А понятными они становятся лишь через годы.
И видятся они тогда уже под другим углом.
И в ином объеме.
В третьем классе я сидела за одной партой с рыжей девочкой, носившей это редкое и красивое имя — Аграфена. Фамилия была у нее Овсепян. Уроки мы готовили вместе. Аграфена поздно пошла в школу, она была старше меня на полтора года, но все равно училась она плохо, даже читала с трудом, по складам, и ее родители считали, что для их дочки очень полезно постоянное общение со мной.

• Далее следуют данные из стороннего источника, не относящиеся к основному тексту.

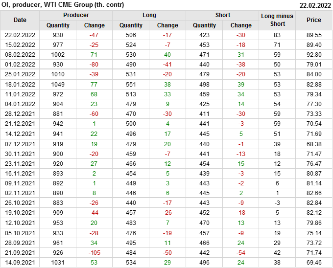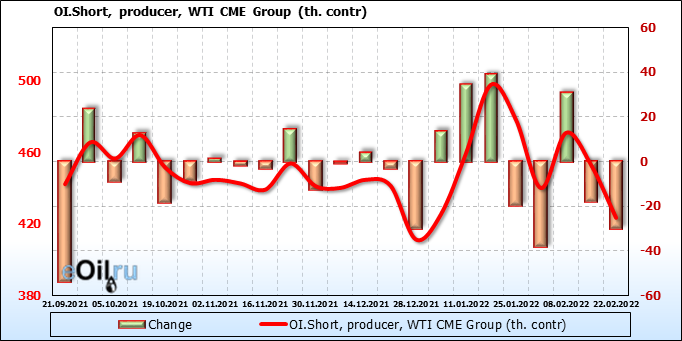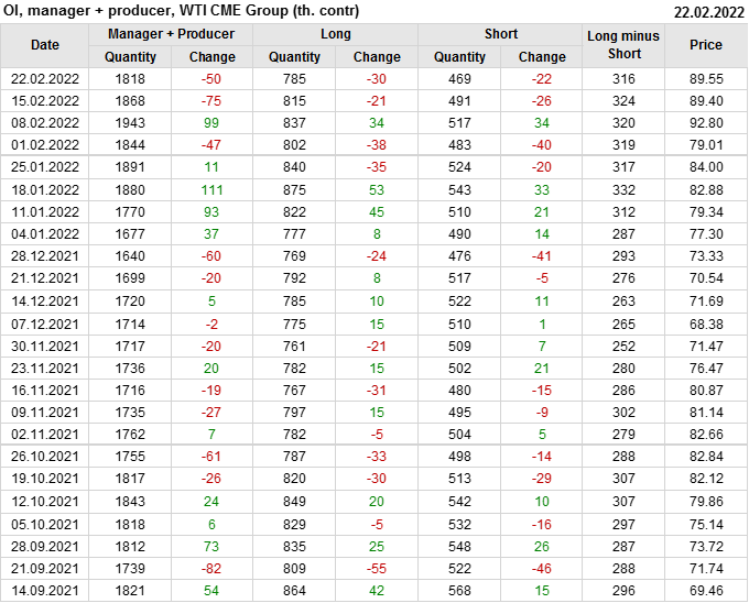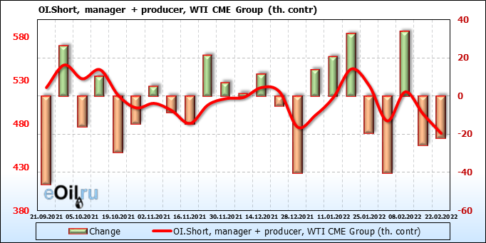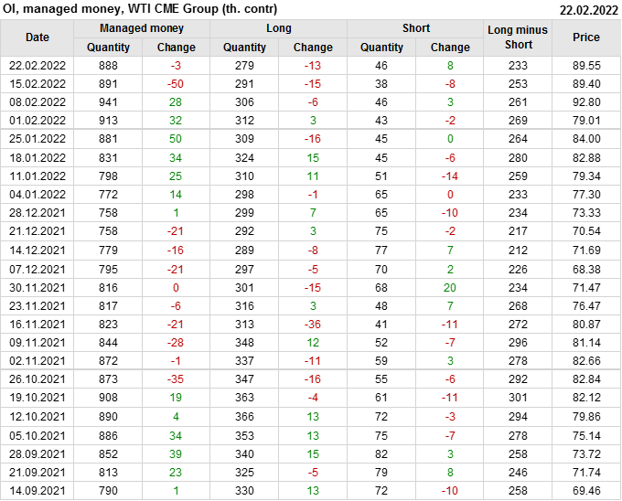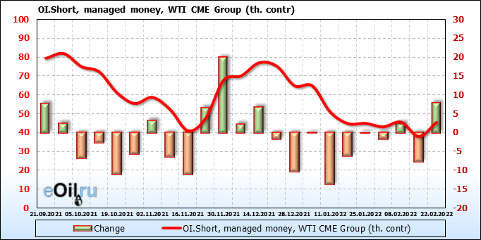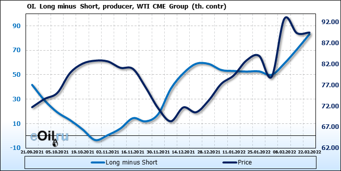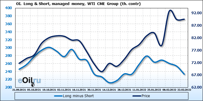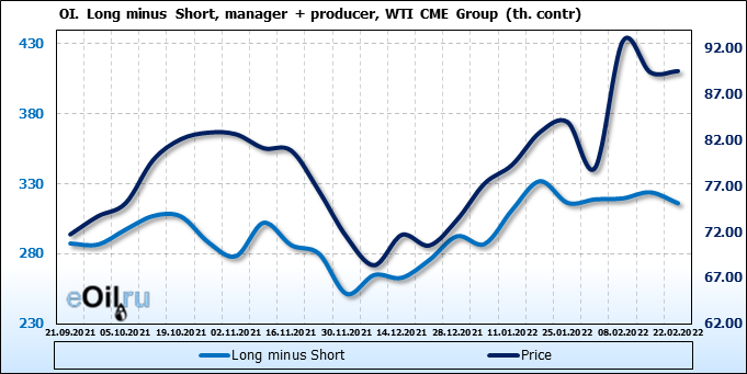 За прошлую неделю, 16.02.22 — 22.02.22, разница между длинными и короткими позициями управляющих сократилась на 20.2 тыс. контрактов. В тоже время, цена выросла на 0.15 доллара.
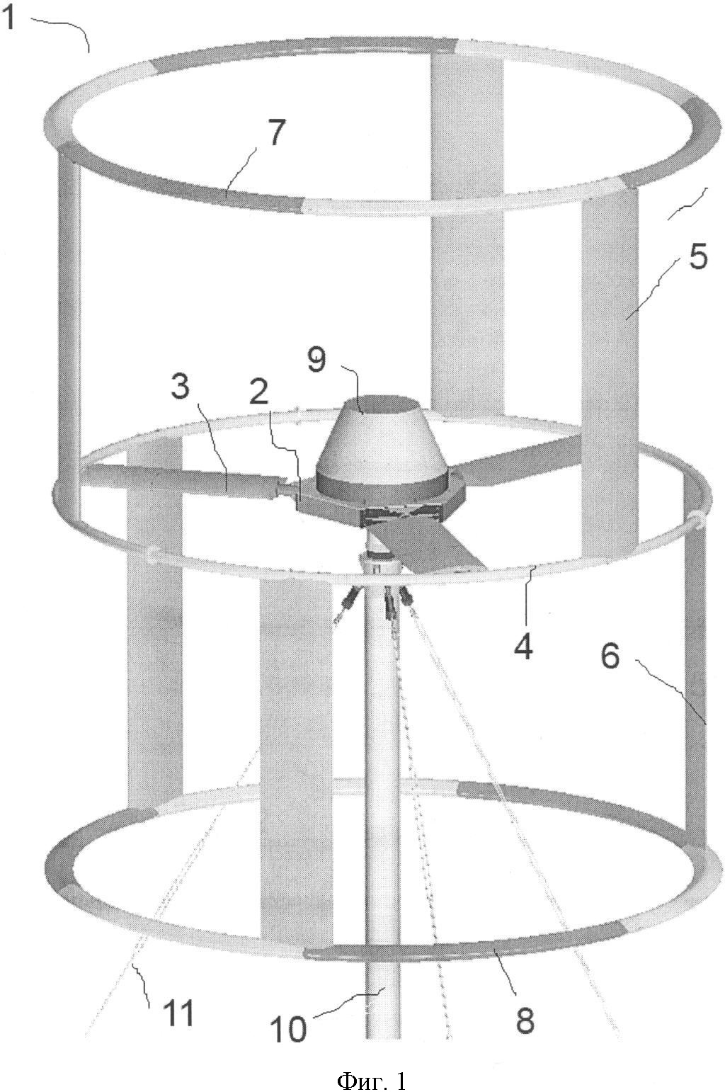 Подробно опишем вариант конструкции, представленный на фиг.1. Ротор 1 имеет ступицу 2, в которой скомпонован электрогенератор, закрытый кожухом 9. От ступицы 2 радиально идут силовые траверсы, закрытые аэродинамическими обтекателями 3, которые служат и в качестве аэродинамических тормозов. Силовое кольцо 4 крепится к концам траверс, а к нему вверх и вниз монтируются лопасти 5 и 6. Лопасти 5 соединяются вверху кольцом 7, а лопасти 6 соединяются внизу кольцом 8. Ступица 2 монтируется на мачту 10, которая удерживается растяжками 11. На фиг.2 представлена форма профиля, соответствующая приведенной в таблице 1. На фиг.3 показано, как задается установочный угол лопасти. На фиг.4 показано сечение верхнего кольца (или нижнего). Для ликвидации вихреобразования высота «h» в отношении ширины «d» составляет от 0.5 до 0.65.

Они не понимали, что хорошие отметки я получала не потому, что готовила уроки, а потому, что сразу и навсегда запоминала все, что говорила наша учительница Ольга Павловна.
Аграфене же вместо уроков я читала вслух Шерлока Холмса: о пестрой ленте — змее, о пляшущих человечках и о собаке Баскервилей. И родители Аграфены никак не могли понять, почему дочка ночью вскакивает с кровати, плачет и хочет куда-то убежать.
И вот теперь я встретила Аграфену, впервые через столько лет. Она стала совсем другой, и даже имя у нее было другое — Вика. Она стала совсем взрослой, и совсем ничему не удивлялась, и совсем ни о чем не разговаривала. Глаза у нее были желто-зеленые, очень красивые. А когда-то я этого не замечала. И взгляд был какой-то тяжелый. Я не знаю, как это объяснить, но какой-то такой взгляд, что смотреть ей в глаза было трудно. Так, словно она знала про тебя что-то плохое. И не любила тебя.
Я имею в виду не только меня лично, а всех людей. Она, по-моему, никогда не улыбалась и лежала, повернув голову к окну. Не читала, не разговаривала, просто смотрела в окно. Не во двор, с кровати двора не видно. А вдаль — на небо и верхушки деревьев.
Я ее не сразу узнала. Волосы у нее были теперь не рыжие, а каштановые, это называется цвета красного дерева, и некоторые женщины и девушки красят себе волосы в такой цвет специальной краской. Но брови у нее были темные, почти черные. И между бровями к носу — две взрослые морщинки.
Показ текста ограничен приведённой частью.